台風19号は、俺の住む街には予想された暴風こそ起こさなかったが、
河川があと一歩で氾濫するという、恐怖の爪痕を残して去っていた。

今回の台風がいつもと違った点は、それが訪れる前のニュースやSNSなどで発信された、
あらゆる注意喚起の多さだ。

どのメディアも、「いつもの台風とは規模が違うので、十分すぎるほどの備えを!」と、
俺たちに連日呼びかけていた。
そして台風の前日には、スーパーから水や食料や日用品が消え、
それらを本当に必要とする人が手に入れることのできないという事態が各地で起こった。

ちなみに我が家では、常に2Lのペットボトルの水が6本入りのケースで数箱、
そして災害用の加工食料品が2週間分ほどストックしてある。

これは台風のための備えというよりは、
いつ起こるかわからない大地震や伝染病(パンデミック)などの広域災害の時の備えだ。

2011年の東日本大震災の後からこの習慣をはじめ、もう8年以上行っている。
だから俺の家では今回の台風で、新しく水や日用品を特別に調達する必要はなかった。

スーパーから物が消えたというニュースを見て感じたこと。
それは「いざという時に困らないよう、日ごろから備えておくことの大切さ」だ。

そして俺が「パラレルキャリア」という考えのもと、
複数の収入の柱を立てることを目指して行動を始めたのも、
「備え」が大切だと感じたからだったということを、今回の台風関連のニュースを見て思い出した。

そう、あれは忘れもしない2009年の2月。
リーマンショックの余波で世界中の金融機関がボロボロになっていた時だった。

いつもと同じような朝だった。
部署の上司や同僚と談笑していたら、数人が人事に呼び出され、
彼らが二度とデスクに戻ることがなかった日。

俺はあの日から「会社に頼って人生を設計する」という考えを捨てたのだ。

その日、約100名いた東京オフィスで勤務している社員の3割近くが、何の予兆もなくリストラ勧告を受けた。

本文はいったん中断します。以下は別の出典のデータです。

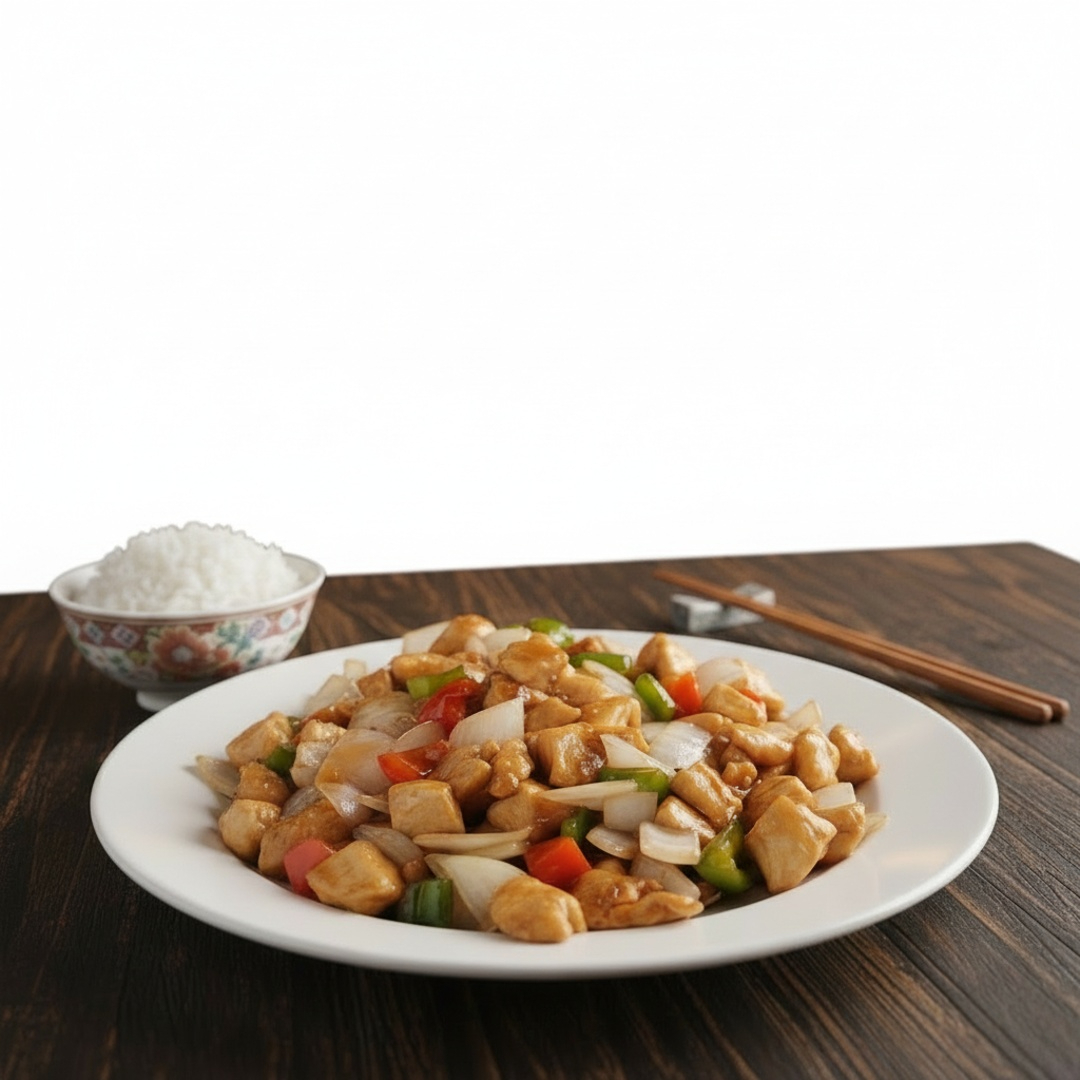 Frango xadrez suculento, com um toque de sofisticação, perfeito para quem busca uma refeição saborosa e equilibrada.

俺たちの部署も、12名いたメンバーが一日で6名まで減った。
引き継ぎなんてまともにできるような状態ではない。
何が起こったのかを理解したのは、
リストラ対象者が全員会社を去った夕方になってからだった。

人事面談の最中にリストラ対象者のパソコンのアカウントがロックされ、
面談が終わったら速やかに私物をまとめ、会社から出て行くよう伝えられたらしい。

そしてこれは東京オフィスに限ったことではなかった。
香港、シンガポールオフィスでも同じ状況。
時差の関係でアジア地域が最初にこの日を迎えたが、
それに続きヨーロッパ、そして本社があるアメリカの全オフィスで、同じ事が起こった。

外資系はいざというときにドラスティックな人事決断をするということを、
俺が初めて目の当たりにした時だった。
そしてその日を境に、俺が今まで会社に持っていた忠誠心のようなものも、
ガラガラと音をたてて崩れ落ちていったのだ。

その時に思った。
「どんなに会社に貢献した実績があっても、会社都合でリストラされる時がある」と。

その人があげた業績や持ち合わせた人格とは関係なく、
勤続年数や役職によって、会社がドラスティックな決断をしなければならない時もあるのだと。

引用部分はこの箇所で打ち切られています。